Exercise:
Find the line containing "Wyraźne rozgraniczenia formatu" in the records below. Copy exactly that line and each one after it, ending at the line containing "Изменения геомагнитного индекса", and nothing more.
═══ Input ═══
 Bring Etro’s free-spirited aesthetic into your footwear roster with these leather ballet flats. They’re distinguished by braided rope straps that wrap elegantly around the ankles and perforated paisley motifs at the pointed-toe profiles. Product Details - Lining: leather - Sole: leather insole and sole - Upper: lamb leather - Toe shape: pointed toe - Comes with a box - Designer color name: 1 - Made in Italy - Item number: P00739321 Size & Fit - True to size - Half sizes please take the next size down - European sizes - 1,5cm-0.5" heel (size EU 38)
═══
═══ Input ═══
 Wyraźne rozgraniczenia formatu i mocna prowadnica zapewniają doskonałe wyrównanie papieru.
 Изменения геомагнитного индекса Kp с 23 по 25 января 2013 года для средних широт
═══
═══ Input ═══
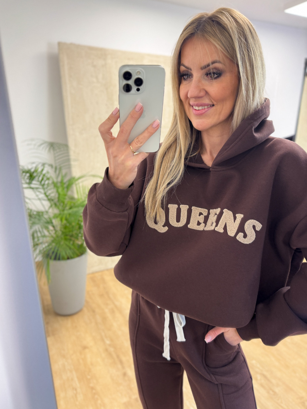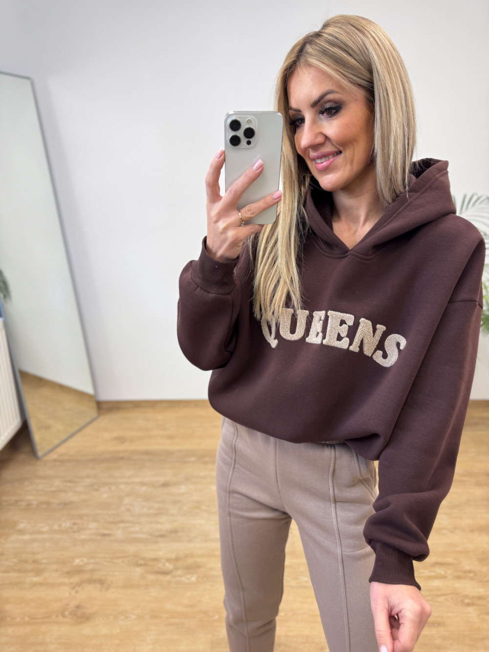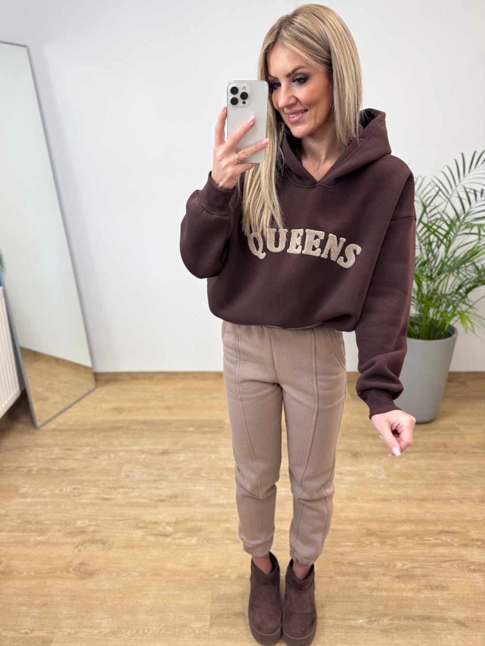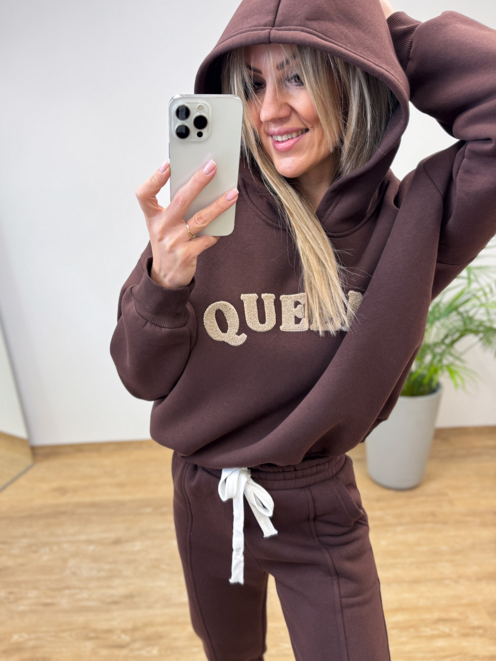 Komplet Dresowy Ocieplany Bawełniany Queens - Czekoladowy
═══
Answer:
 Wyraźne rozgraniczenia formatu i mocna prowadnica zapewniają doskonałe wyrównanie papieru.
 Изменения геомагнитного индекса Kp с 23 по 25 января 2013 года для средних широт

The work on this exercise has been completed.